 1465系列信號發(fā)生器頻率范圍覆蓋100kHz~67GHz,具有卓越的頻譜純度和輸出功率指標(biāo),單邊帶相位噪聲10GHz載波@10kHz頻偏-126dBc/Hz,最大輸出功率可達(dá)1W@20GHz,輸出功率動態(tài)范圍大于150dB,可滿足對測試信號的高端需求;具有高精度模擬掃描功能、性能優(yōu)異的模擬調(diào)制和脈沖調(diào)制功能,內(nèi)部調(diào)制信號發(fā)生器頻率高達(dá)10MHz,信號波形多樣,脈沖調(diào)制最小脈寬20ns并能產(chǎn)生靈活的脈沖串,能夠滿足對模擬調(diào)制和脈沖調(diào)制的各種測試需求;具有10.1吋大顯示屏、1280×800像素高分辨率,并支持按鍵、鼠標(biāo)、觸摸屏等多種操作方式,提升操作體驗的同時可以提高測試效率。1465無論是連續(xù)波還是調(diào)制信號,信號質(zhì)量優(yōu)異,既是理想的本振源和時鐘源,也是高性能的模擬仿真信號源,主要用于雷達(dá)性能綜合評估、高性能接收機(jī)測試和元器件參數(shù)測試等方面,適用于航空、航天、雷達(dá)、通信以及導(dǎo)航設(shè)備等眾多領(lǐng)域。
◆ ◆ ◆ ◆ ◆ ◆ ◆
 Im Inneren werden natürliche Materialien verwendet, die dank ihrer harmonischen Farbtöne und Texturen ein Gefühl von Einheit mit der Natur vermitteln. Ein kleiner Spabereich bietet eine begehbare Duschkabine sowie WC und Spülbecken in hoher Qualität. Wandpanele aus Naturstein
◆ ◆ ◆ ◆ ◆ ◆ ◆
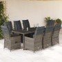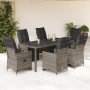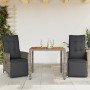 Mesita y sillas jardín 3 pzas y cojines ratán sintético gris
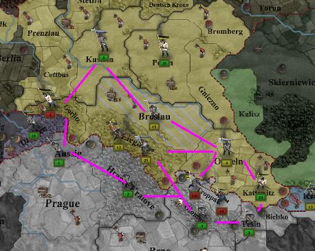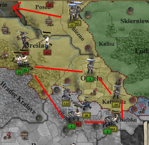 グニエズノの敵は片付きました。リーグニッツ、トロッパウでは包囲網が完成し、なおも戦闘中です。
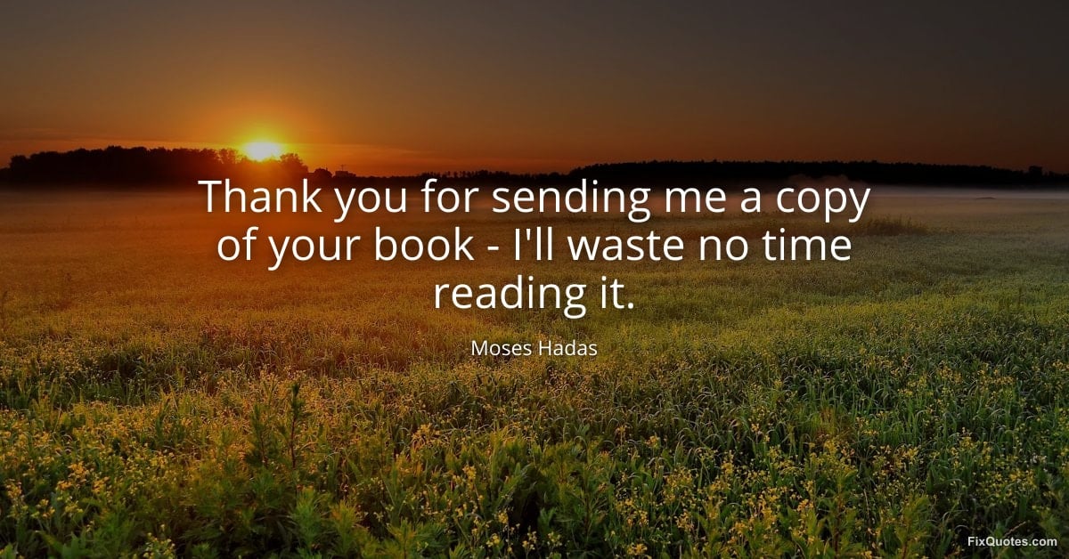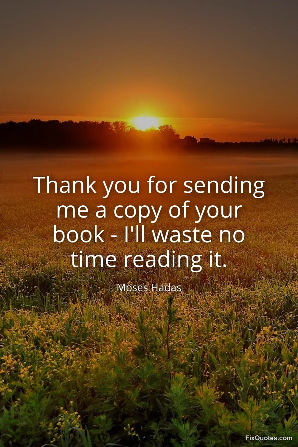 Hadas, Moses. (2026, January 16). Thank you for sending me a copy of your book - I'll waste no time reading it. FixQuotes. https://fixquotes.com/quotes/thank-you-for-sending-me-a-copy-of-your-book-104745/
◆ ◆ ◆ ◆ ◆ ◆ ◆
▶ REQUIRED ACTION
An exact copy is needed of the entries above, starting at the line that holds "グニエズノの敵は片付きました" and stopping at the line that holds "Hadas, Moses. (2026, January", both kept; pictures stay out.

▶ REPLY
 グニエズノの敵は片付きました。リーグニッツ、トロッパウでは包囲網が完成し、なおも戦闘中です。
 Hadas, Moses. (2026, January 16). Thank you for sending me a copy of your book - I'll waste no time reading it. FixQuotes. https://fixquotes.com/quotes/thank-you-for-sending-me-a-copy-of-your-book-104745/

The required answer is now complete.